## WHAT YOU WILL DO:
Starting at the line with "This Type 2" and ending at the line with "1 - medir una", print exactly the lines of the entries below. Pictures do not belong in the copy.
[Opening GIVEN INFORMATION section]
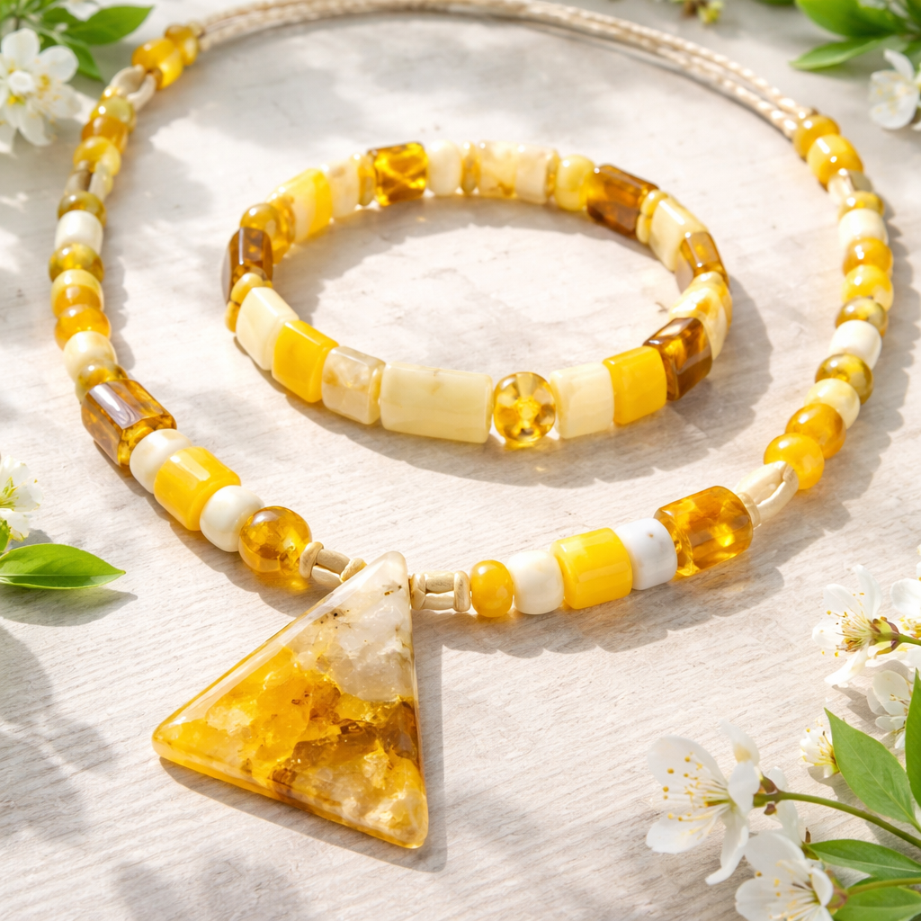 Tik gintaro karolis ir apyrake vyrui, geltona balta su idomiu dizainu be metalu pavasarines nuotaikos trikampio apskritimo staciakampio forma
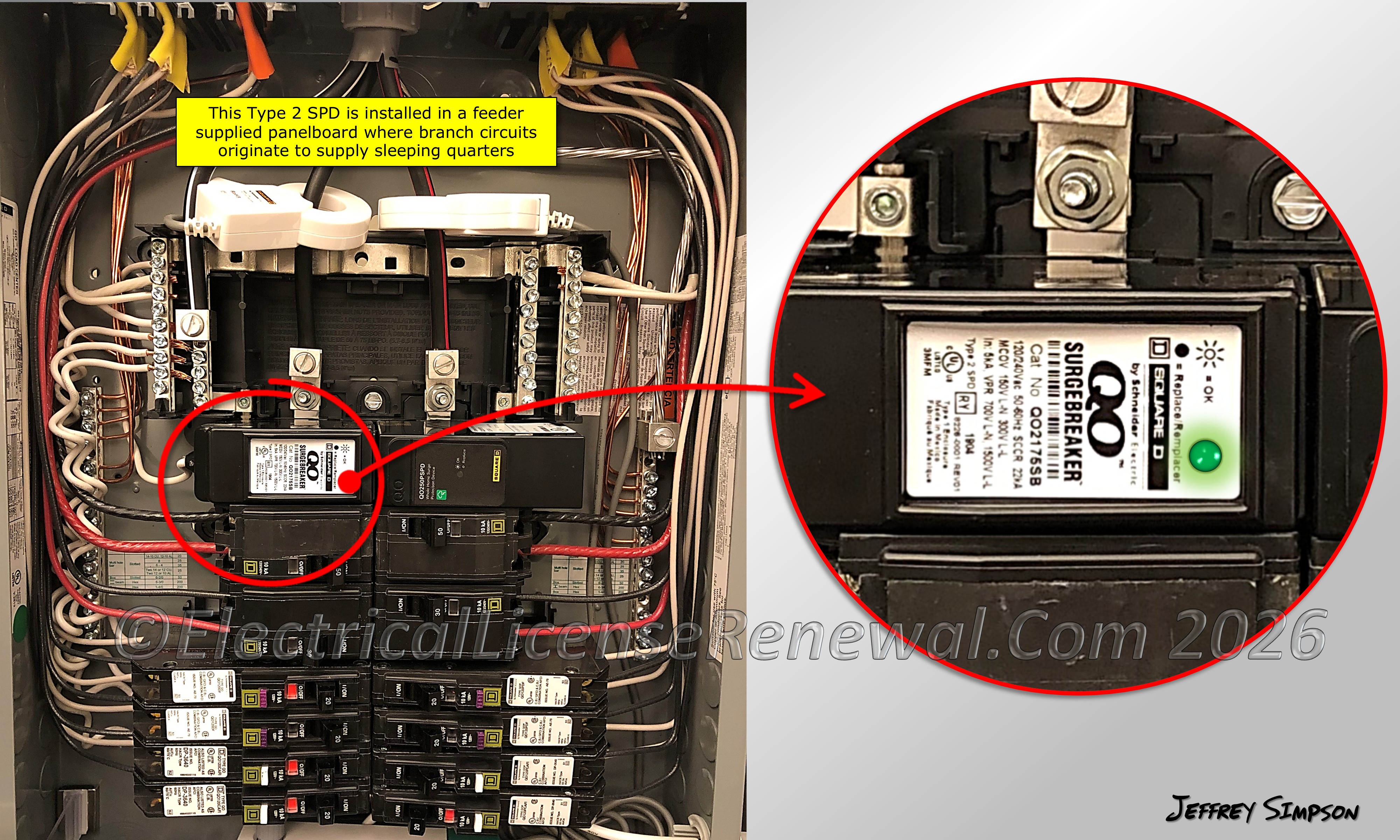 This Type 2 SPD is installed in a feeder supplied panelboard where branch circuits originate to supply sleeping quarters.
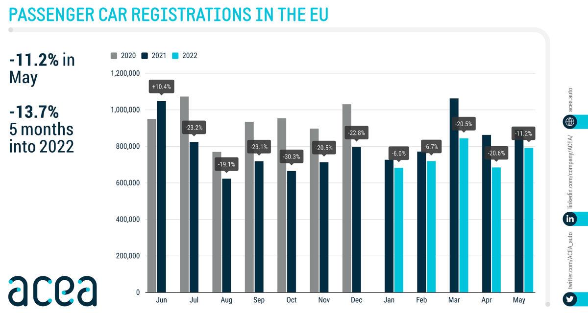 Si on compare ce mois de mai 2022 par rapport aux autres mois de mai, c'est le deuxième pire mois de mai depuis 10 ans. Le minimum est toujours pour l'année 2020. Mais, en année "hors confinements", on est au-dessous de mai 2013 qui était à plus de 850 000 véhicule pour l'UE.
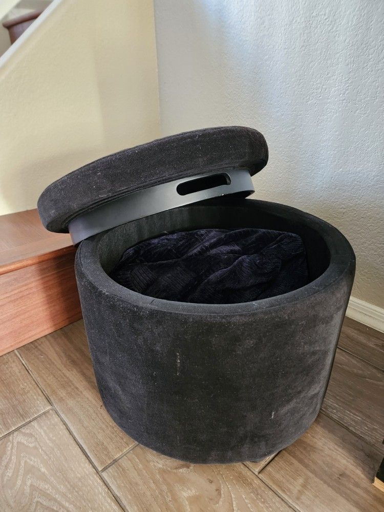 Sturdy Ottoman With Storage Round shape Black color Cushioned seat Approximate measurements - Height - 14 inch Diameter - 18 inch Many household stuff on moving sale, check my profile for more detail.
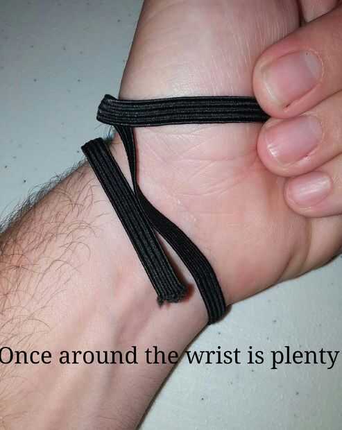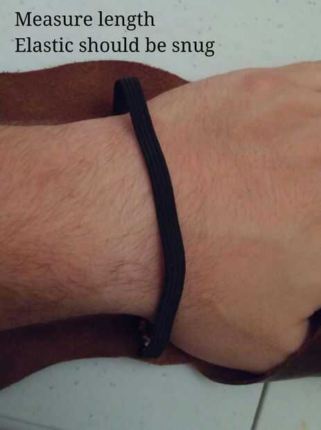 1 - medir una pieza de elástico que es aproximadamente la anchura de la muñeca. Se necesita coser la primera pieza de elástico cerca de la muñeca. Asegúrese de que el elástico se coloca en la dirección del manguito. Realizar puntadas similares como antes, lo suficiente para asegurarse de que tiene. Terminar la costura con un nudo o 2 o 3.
[Closing GIVEN INFORMATION section]
[Opening GIVEN INFORMATION section]
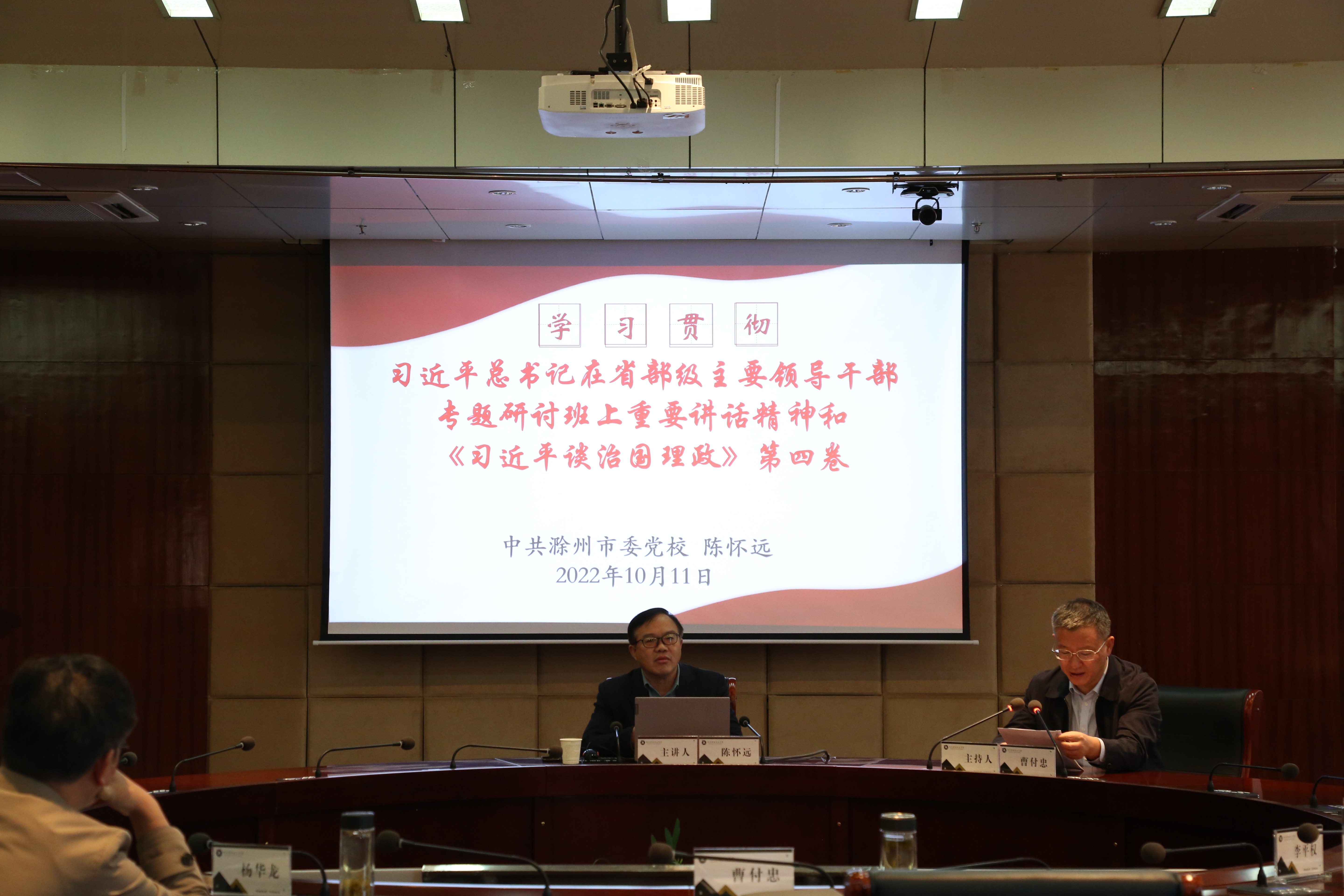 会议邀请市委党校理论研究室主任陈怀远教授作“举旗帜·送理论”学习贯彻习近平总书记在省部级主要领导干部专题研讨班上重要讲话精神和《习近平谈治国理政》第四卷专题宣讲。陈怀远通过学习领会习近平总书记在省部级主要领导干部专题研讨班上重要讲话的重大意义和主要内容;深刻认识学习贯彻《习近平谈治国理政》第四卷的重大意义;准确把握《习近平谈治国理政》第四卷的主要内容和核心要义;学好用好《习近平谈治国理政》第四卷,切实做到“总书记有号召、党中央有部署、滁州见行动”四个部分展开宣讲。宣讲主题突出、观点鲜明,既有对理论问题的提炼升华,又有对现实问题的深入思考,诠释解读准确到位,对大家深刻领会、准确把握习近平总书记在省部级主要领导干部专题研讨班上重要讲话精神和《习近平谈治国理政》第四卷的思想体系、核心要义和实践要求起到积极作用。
[Closing GIVEN INFORMATION section]
[Opening GIVEN INFORMATION section]
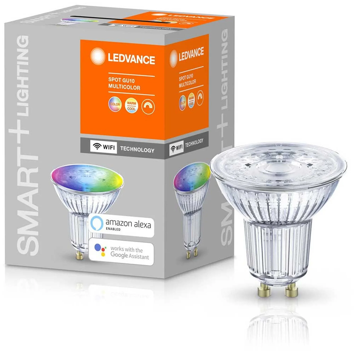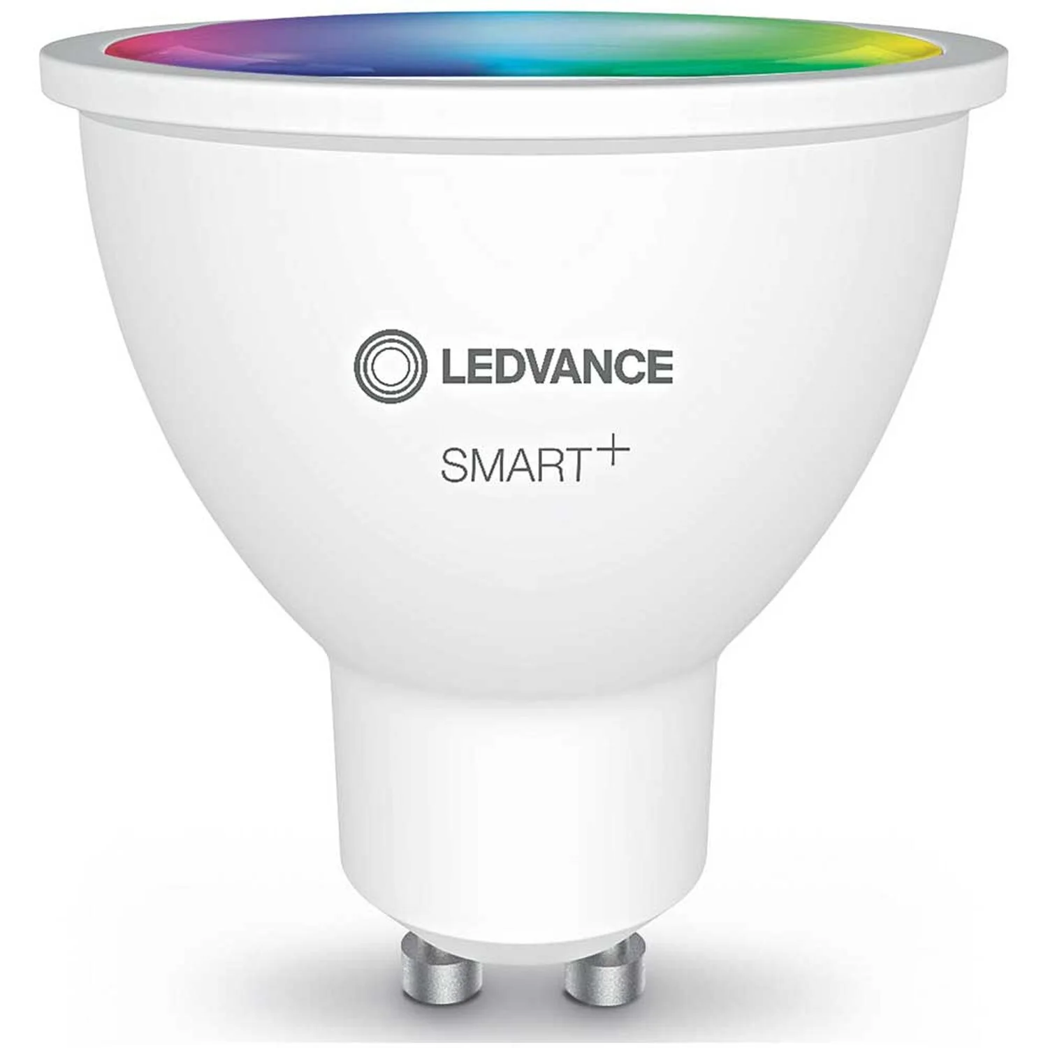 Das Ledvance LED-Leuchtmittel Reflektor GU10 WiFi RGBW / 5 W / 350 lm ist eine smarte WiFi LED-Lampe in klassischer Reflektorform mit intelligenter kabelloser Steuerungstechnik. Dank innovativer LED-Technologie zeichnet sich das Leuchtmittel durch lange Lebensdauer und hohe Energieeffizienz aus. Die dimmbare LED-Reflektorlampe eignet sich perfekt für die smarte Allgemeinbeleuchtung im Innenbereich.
[Closing GIVEN INFORMATION section]
## TASK RESPONSE:
 This Type 2 SPD is installed in a feeder supplied panelboard where branch circuits originate to supply sleeping quarters.
 Si on compare ce mois de mai 2022 par rapport aux autres mois de mai, c'est le deuxième pire mois de mai depuis 10 ans. Le minimum est toujours pour l'année 2020. Mais, en année "hors confinements", on est au-dessous de mai 2013 qui était à plus de 850 000 véhicule pour l'UE.
 Sturdy Ottoman With Storage Round shape Black color Cushioned seat Approximate measurements - Height - 14 inch Diameter - 18 inch Many household stuff on moving sale, check my profile for more detail.
 1 - medir una pieza de elástico que es aproximadamente la anchura de la muñeca. Se necesita coser la primera pieza de elástico cerca de la muñeca. Asegúrese de que el elástico se coloca en la dirección del manguito. Realizar puntadas similares como antes, lo suficiente para asegurarse de que tiene. Terminar la costura con un nudo o 2 o 3.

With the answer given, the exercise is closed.